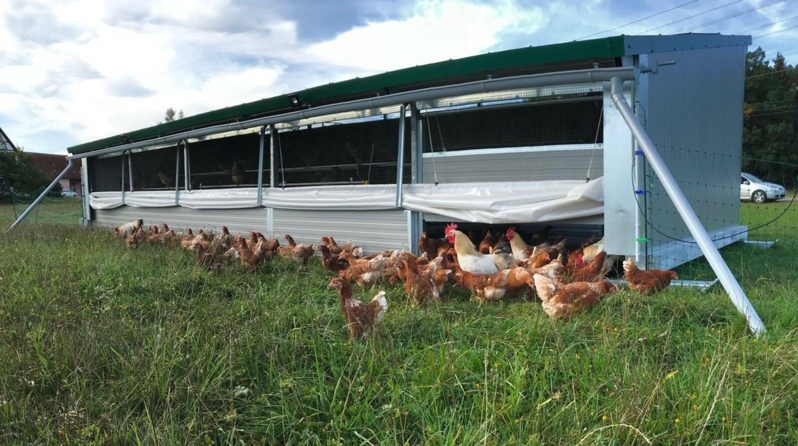 Der Transport zum Schlachten ist sehr kurz. Die Hähnchen werden sogar direkt am Hof in einem Geflügelschlachtmobil geschlachtet.
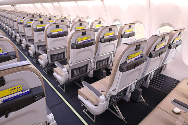 スカイマークが破綻後初めて受領した737-800「JA73AA」のシート=18年8月15日 PHOTO: Masahiro SATO/Aviation Wire
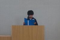 *集会では、作品募集の表彰やこれまでお世話になったエミリー先生のお別れの挨拶もありました。
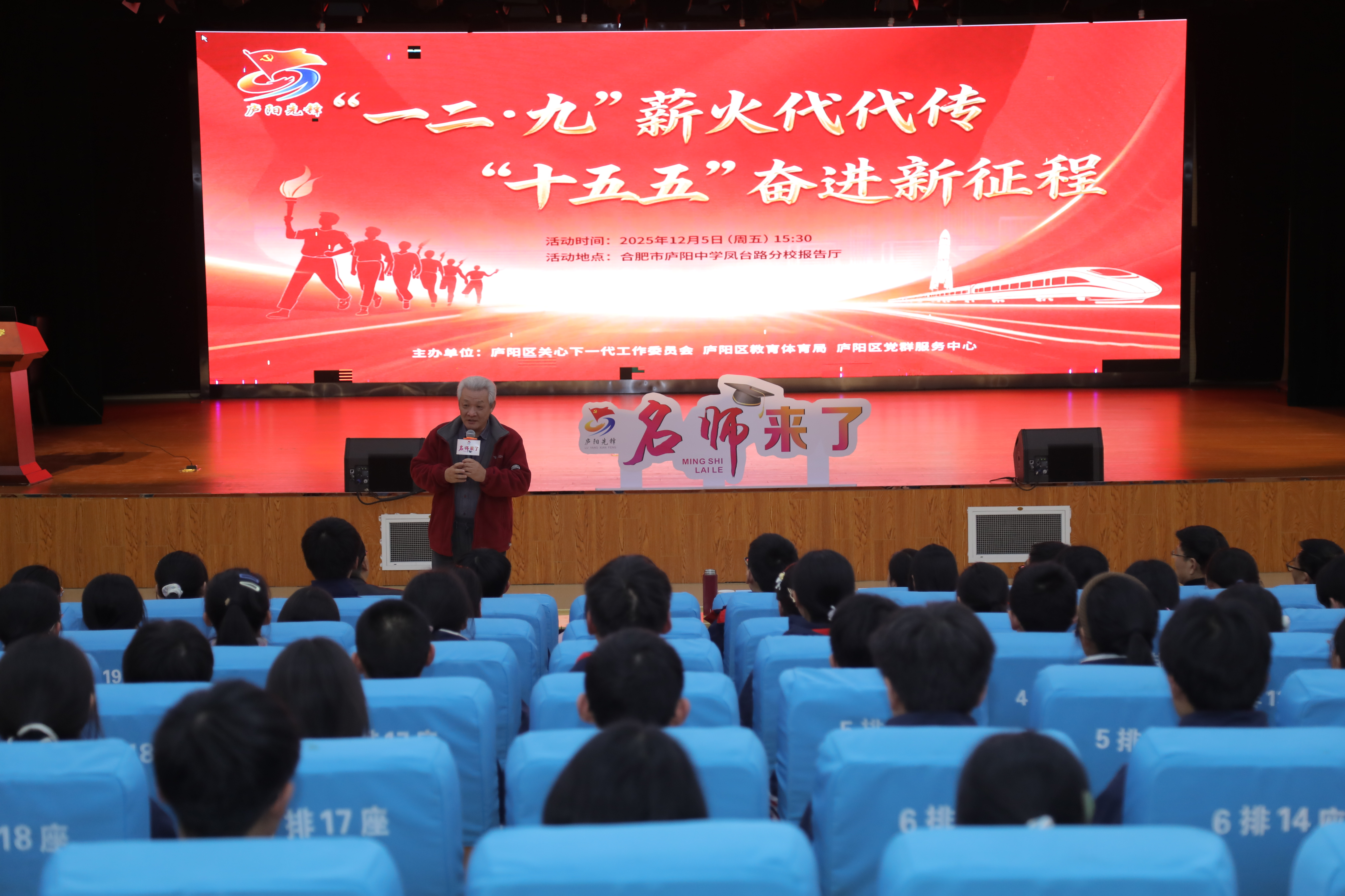 “革命先辈们的英勇事迹,仿佛将我们带回到了那个热血澎湃的年代。”近日,合肥市庐阳中学凤台路分校报告厅内,八年级学生小张在听完第46期“名师来了”红色思政教育公益讲座后,动情地分享感受。这一刻,红色基因,悄然植入青少年学子的心田。

What is needed: No pictures go in the copy. Output exactly the lines from the line containing "スカイマークが破綻後初めて受領した737-800「JA73AA」のシート=18年8月15日 PHOTO: Masahiro" through the end of the listing above.

Response box:
 スカイマークが破綻後初めて受領した737-800「JA73AA」のシート=18年8月15日 PHOTO: Masahiro SATO/Aviation Wire
 *集会では、作品募集の表彰やこれまでお世話になったエミリー先生のお別れの挨拶もありました。
 “革命先辈们的英勇事迹,仿佛将我们带回到了那个热血澎湃的年代。”近日,合肥市庐阳中学凤台路分校报告厅内,八年级学生小张在听完第46期“名师来了”红色思政教育公益讲座后,动情地分享感受。这一刻,红色基因,悄然植入青少年学子的心田。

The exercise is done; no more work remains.